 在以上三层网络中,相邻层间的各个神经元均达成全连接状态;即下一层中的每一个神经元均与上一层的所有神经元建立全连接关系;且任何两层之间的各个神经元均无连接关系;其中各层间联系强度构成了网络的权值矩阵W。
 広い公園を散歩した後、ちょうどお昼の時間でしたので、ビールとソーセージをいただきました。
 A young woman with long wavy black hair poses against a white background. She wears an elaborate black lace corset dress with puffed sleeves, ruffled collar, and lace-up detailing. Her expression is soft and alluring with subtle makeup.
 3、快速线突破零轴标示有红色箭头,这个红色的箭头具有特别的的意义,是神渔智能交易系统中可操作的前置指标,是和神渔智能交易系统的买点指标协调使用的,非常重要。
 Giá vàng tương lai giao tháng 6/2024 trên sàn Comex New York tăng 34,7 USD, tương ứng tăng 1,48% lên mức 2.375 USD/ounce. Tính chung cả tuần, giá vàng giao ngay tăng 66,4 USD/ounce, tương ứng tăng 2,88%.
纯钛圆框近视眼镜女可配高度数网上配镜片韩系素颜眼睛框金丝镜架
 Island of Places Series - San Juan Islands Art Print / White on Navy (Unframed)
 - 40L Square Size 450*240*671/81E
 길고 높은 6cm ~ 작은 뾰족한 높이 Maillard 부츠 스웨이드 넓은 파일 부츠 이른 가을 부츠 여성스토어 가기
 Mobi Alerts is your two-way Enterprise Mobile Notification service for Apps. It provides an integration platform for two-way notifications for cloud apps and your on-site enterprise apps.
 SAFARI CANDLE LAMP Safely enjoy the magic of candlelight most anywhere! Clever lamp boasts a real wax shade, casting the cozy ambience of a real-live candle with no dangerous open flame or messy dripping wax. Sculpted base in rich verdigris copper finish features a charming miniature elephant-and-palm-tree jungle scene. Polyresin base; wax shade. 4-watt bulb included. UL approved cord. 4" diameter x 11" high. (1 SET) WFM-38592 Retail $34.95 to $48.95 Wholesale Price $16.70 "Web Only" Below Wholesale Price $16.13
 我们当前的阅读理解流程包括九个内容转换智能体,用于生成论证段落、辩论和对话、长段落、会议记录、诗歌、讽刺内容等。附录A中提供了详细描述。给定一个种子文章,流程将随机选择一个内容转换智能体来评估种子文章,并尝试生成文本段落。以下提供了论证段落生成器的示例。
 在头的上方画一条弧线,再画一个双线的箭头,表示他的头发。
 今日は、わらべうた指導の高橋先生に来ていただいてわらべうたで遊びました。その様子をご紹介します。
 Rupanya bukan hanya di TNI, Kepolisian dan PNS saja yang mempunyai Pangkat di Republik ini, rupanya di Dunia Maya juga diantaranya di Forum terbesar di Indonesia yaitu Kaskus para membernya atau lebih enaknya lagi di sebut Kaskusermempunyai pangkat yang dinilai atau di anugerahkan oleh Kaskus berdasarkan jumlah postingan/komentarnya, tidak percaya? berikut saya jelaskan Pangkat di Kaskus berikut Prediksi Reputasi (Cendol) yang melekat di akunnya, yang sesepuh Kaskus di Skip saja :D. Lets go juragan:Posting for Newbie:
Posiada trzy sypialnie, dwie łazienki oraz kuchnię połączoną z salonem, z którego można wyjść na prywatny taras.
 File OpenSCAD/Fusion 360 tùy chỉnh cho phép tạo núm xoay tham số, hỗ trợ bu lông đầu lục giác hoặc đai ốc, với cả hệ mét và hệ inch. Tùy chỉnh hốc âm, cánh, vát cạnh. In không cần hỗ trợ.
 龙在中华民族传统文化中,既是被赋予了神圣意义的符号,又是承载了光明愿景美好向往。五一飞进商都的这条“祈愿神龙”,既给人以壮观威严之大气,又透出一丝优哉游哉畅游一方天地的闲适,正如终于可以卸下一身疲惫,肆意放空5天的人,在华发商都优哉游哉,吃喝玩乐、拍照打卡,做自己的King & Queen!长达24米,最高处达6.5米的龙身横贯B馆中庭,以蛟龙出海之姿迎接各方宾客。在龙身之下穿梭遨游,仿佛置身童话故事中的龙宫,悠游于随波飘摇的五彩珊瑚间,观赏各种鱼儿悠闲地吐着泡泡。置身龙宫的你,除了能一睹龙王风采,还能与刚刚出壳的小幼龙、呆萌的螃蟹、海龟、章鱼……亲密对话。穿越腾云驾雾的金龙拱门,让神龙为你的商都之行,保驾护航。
============================================================
> [What this task involves] Each line above is to be set down again verbatim.

> [Task response]
 在以上三层网络中,相邻层间的各个神经元均达成全连接状态;即下一层中的每一个神经元均与上一层的所有神经元建立全连接关系;且任何两层之间的各个神经元均无连接关系;其中各层间联系强度构成了网络的权值矩阵W。
 広い公園を散歩した後、ちょうどお昼の時間でしたので、ビールとソーセージをいただきました。
 A young woman with long wavy black hair poses against a white background. She wears an elaborate black lace corset dress with puffed sleeves, ruffled collar, and lace-up detailing. Her expression is soft and alluring with subtle makeup.
 3、快速线突破零轴标示有红色箭头,这个红色的箭头具有特别的的意义,是神渔智能交易系统中可操作的前置指标,是和神渔智能交易系统的买点指标协调使用的,非常重要。
 Giá vàng tương lai giao tháng 6/2024 trên sàn Comex New York tăng 34,7 USD, tương ứng tăng 1,48% lên mức 2.375 USD/ounce. Tính chung cả tuần, giá vàng giao ngay tăng 66,4 USD/ounce, tương ứng tăng 2,88%.
纯钛圆框近视眼镜女可配高度数网上配镜片韩系素颜眼睛框金丝镜架
 Island of Places Series - San Juan Islands Art Print / White on Navy (Unframed)
 - 40L Square Size 450*240*671/81E
 길고 높은 6cm ~ 작은 뾰족한 높이 Maillard 부츠 스웨이드 넓은 파일 부츠 이른 가을 부츠 여성스토어 가기
 Mobi Alerts is your two-way Enterprise Mobile Notification service for Apps. It provides an integration platform for two-way notifications for cloud apps and your on-site enterprise apps.
 SAFARI CANDLE LAMP Safely enjoy the magic of candlelight most anywhere! Clever lamp boasts a real wax shade, casting the cozy ambience of a real-live candle with no dangerous open flame or messy dripping wax. Sculpted base in rich verdigris copper finish features a charming miniature elephant-and-palm-tree jungle scene. Polyresin base; wax shade. 4-watt bulb included. UL approved cord. 4" diameter x 11" high. (1 SET) WFM-38592 Retail $34.95 to $48.95 Wholesale Price $16.70 "Web Only" Below Wholesale Price $16.13
 我们当前的阅读理解流程包括九个内容转换智能体,用于生成论证段落、辩论和对话、长段落、会议记录、诗歌、讽刺内容等。附录A中提供了详细描述。给定一个种子文章,流程将随机选择一个内容转换智能体来评估种子文章,并尝试生成文本段落。以下提供了论证段落生成器的示例。
 在头的上方画一条弧线,再画一个双线的箭头,表示他的头发。
 今日は、わらべうた指導の高橋先生に来ていただいてわらべうたで遊びました。その様子をご紹介します。
 Rupanya bukan hanya di TNI, Kepolisian dan PNS saja yang mempunyai Pangkat di Republik ini, rupanya di Dunia Maya juga diantaranya di Forum terbesar di Indonesia yaitu Kaskus para membernya atau lebih enaknya lagi di sebut Kaskusermempunyai pangkat yang dinilai atau di anugerahkan oleh Kaskus berdasarkan jumlah postingan/komentarnya, tidak percaya? berikut saya jelaskan Pangkat di Kaskus berikut Prediksi Reputasi (Cendol) yang melekat di akunnya, yang sesepuh Kaskus di Skip saja :D. Lets go juragan:Posting for Newbie:
Posiada trzy sypialnie, dwie łazienki oraz kuchnię połączoną z salonem, z którego można wyjść na prywatny taras.
 File OpenSCAD/Fusion 360 tùy chỉnh cho phép tạo núm xoay tham số, hỗ trợ bu lông đầu lục giác hoặc đai ốc, với cả hệ mét và hệ inch. Tùy chỉnh hốc âm, cánh, vát cạnh. In không cần hỗ trợ.
 龙在中华民族传统文化中,既是被赋予了神圣意义的符号,又是承载了光明愿景美好向往。五一飞进商都的这条“祈愿神龙”,既给人以壮观威严之大气,又透出一丝优哉游哉畅游一方天地的闲适,正如终于可以卸下一身疲惫,肆意放空5天的人,在华发商都优哉游哉,吃喝玩乐、拍照打卡,做自己的King & Queen!长达24米,最高处达6.5米的龙身横贯B馆中庭,以蛟龙出海之姿迎接各方宾客。在龙身之下穿梭遨游,仿佛置身童话故事中的龙宫,悠游于随波飘摇的五彩珊瑚间,观赏各种鱼儿悠闲地吐着泡泡。置身龙宫的你,除了能一睹龙王风采,还能与刚刚出壳的小幼龙、呆萌的螃蟹、海龟、章鱼……亲密对话。穿越腾云驾雾的金龙拱门,让神龙为你的商都之行,保驾护航。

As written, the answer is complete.